▶

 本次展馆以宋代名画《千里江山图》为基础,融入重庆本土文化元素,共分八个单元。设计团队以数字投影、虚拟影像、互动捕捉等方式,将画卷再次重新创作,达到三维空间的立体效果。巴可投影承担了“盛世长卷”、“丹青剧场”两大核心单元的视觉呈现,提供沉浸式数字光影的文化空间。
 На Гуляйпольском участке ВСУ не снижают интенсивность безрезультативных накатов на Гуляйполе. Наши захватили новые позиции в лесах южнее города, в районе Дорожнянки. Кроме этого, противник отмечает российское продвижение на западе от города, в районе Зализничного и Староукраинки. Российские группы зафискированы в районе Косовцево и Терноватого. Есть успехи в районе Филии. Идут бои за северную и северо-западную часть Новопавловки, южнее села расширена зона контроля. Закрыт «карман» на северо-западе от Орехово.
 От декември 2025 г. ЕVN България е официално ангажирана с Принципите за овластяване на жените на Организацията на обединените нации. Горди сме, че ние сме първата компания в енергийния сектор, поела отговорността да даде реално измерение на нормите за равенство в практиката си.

◀
▶

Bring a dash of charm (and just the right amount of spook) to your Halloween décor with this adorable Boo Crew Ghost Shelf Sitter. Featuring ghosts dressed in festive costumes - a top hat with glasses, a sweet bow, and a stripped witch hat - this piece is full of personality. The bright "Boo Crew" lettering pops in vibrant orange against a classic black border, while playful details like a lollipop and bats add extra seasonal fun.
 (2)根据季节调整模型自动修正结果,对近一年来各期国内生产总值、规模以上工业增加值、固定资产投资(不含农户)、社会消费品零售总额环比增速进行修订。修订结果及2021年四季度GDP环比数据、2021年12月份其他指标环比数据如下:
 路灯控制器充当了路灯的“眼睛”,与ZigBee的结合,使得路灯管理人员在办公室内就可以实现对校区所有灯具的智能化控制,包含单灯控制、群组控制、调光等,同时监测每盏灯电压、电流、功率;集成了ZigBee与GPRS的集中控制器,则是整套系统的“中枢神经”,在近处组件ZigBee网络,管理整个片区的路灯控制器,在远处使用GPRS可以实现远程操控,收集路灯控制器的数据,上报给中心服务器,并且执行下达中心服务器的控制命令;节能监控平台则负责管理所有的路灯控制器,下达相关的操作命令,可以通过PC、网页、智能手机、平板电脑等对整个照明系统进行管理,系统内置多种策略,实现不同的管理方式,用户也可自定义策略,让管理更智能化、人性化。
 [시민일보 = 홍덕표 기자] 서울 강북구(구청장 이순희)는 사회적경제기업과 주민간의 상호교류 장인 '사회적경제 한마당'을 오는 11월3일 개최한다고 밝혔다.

◀
▶

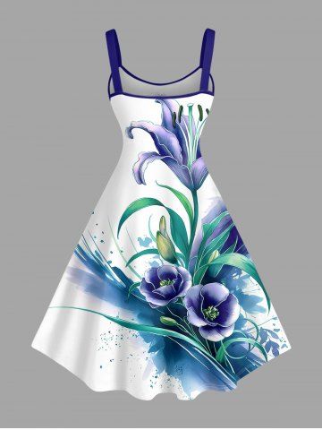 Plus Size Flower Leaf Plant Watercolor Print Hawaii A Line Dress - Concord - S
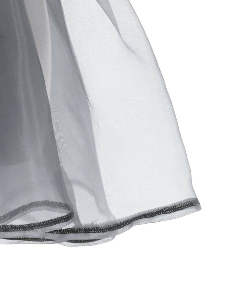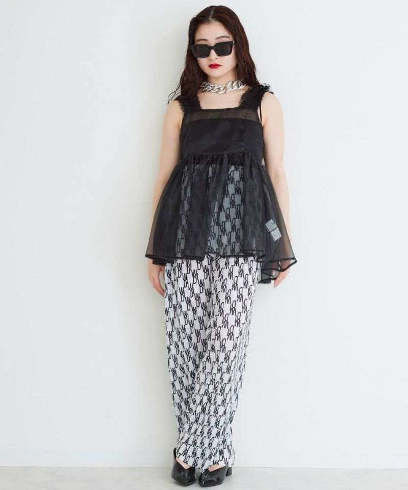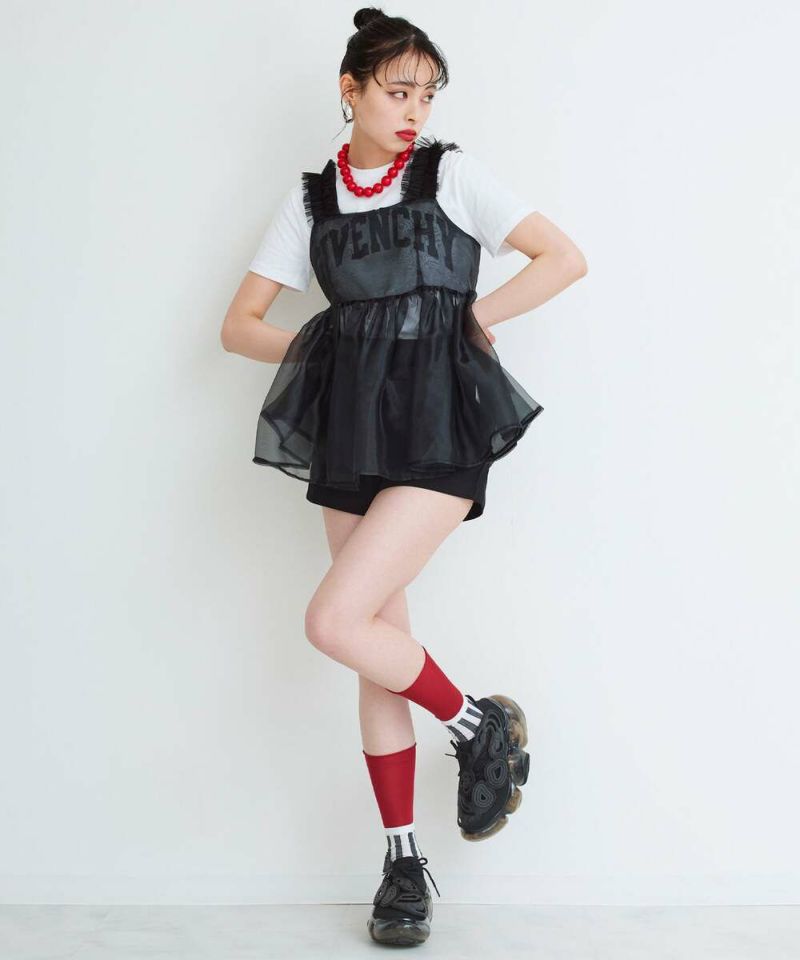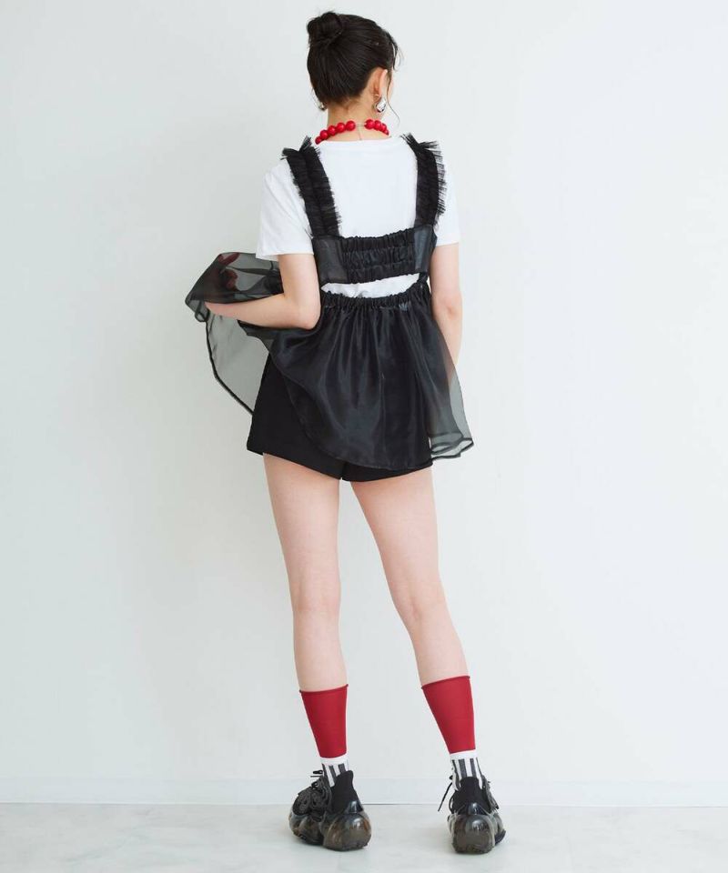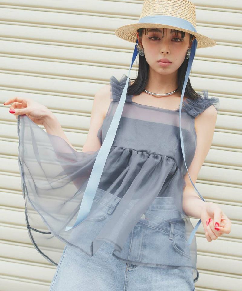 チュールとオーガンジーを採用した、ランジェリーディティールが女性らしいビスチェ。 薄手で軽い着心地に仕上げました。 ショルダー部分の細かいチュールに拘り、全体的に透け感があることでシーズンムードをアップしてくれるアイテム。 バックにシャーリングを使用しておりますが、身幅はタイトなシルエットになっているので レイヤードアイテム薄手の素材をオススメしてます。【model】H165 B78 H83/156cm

◀

**DIRECTIONS FOR THIS TASK:** Look above for the line containing "Plus Size Flower", then write out every line from there down to the line containing "レイヤードアイテム薄手の素材をオススメしてます。【model】H165 B78 H83/156cm", that line included, with no pictures.

**REPLY TO THE EXERCISE:**
 Plus Size Flower Leaf Plant Watercolor Print Hawaii A Line Dress - Concord - S
 チュールとオーガンジーを採用した、ランジェリーディティールが女性らしいビスチェ。 薄手で軽い着心地に仕上げました。 ショルダー部分の細かいチュールに拘り、全体的に透け感があることでシーズンムードをアップしてくれるアイテム。 バックにシャーリングを使用しておりますが、身幅はタイトなシルエットになっているので レイヤードアイテム薄手の素材をオススメしてます。【model】H165 B78 H83/156cm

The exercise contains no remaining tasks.